The input below:
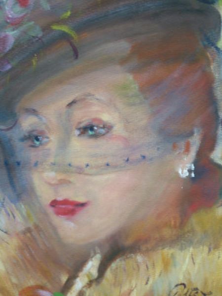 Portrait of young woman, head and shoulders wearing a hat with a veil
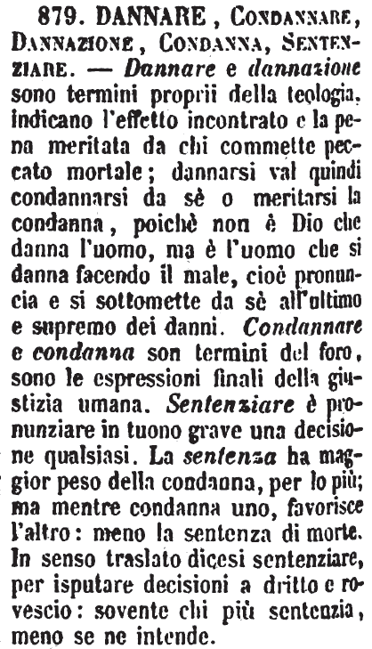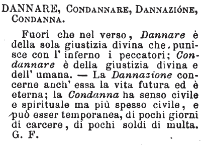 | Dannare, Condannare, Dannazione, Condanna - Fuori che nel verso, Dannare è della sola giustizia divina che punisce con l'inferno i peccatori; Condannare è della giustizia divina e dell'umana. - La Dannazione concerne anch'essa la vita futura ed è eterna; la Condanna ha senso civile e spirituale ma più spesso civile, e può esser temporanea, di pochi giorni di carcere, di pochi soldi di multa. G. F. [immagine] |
End of The input.
The input below:
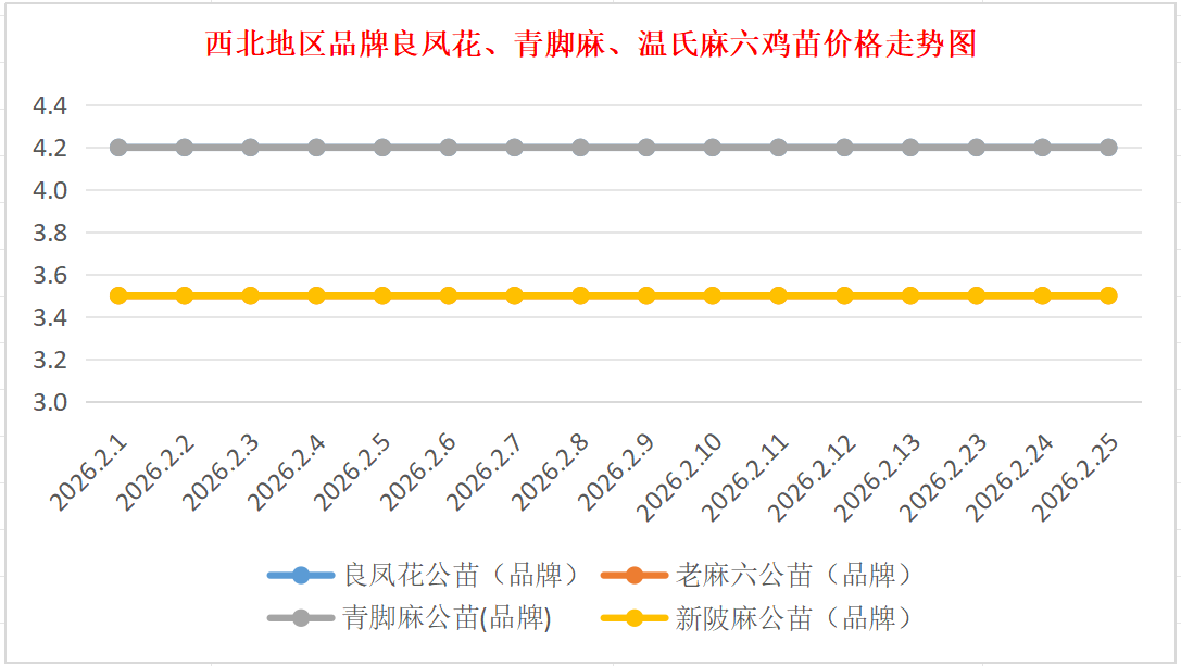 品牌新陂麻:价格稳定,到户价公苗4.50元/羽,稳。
End of The input.
The input below:
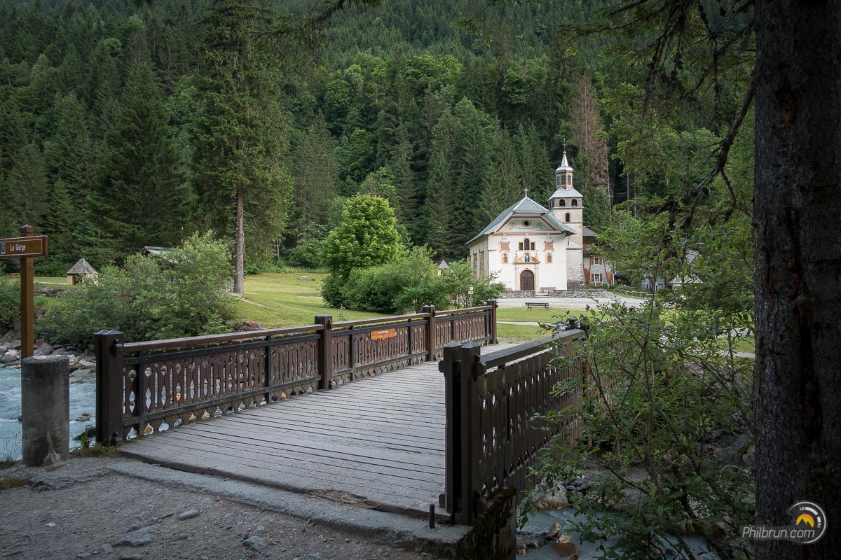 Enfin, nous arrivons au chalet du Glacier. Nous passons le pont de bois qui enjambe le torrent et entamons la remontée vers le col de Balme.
End of The input.
Every line from the one with "Portrait of young" through the one with "F. [immagine] |" is to be reproduced exactly as written above, and the pictures are to be dropped.

 Portrait of young woman, head and shoulders wearing a hat with a veil
 | Dannare, Condannare, Dannazione, Condanna - Fuori che nel verso, Dannare è della sola giustizia divina che punisce con l'inferno i peccatori; Condannare è della giustizia divina e dell'umana. - La Dannazione concerne anch'essa la vita futura ed è eterna; la Condanna ha senso civile e spirituale ma più spesso civile, e può esser temporanea, di pochi giorni di carcere, di pochi soldi di multa. G. F. [immagine] |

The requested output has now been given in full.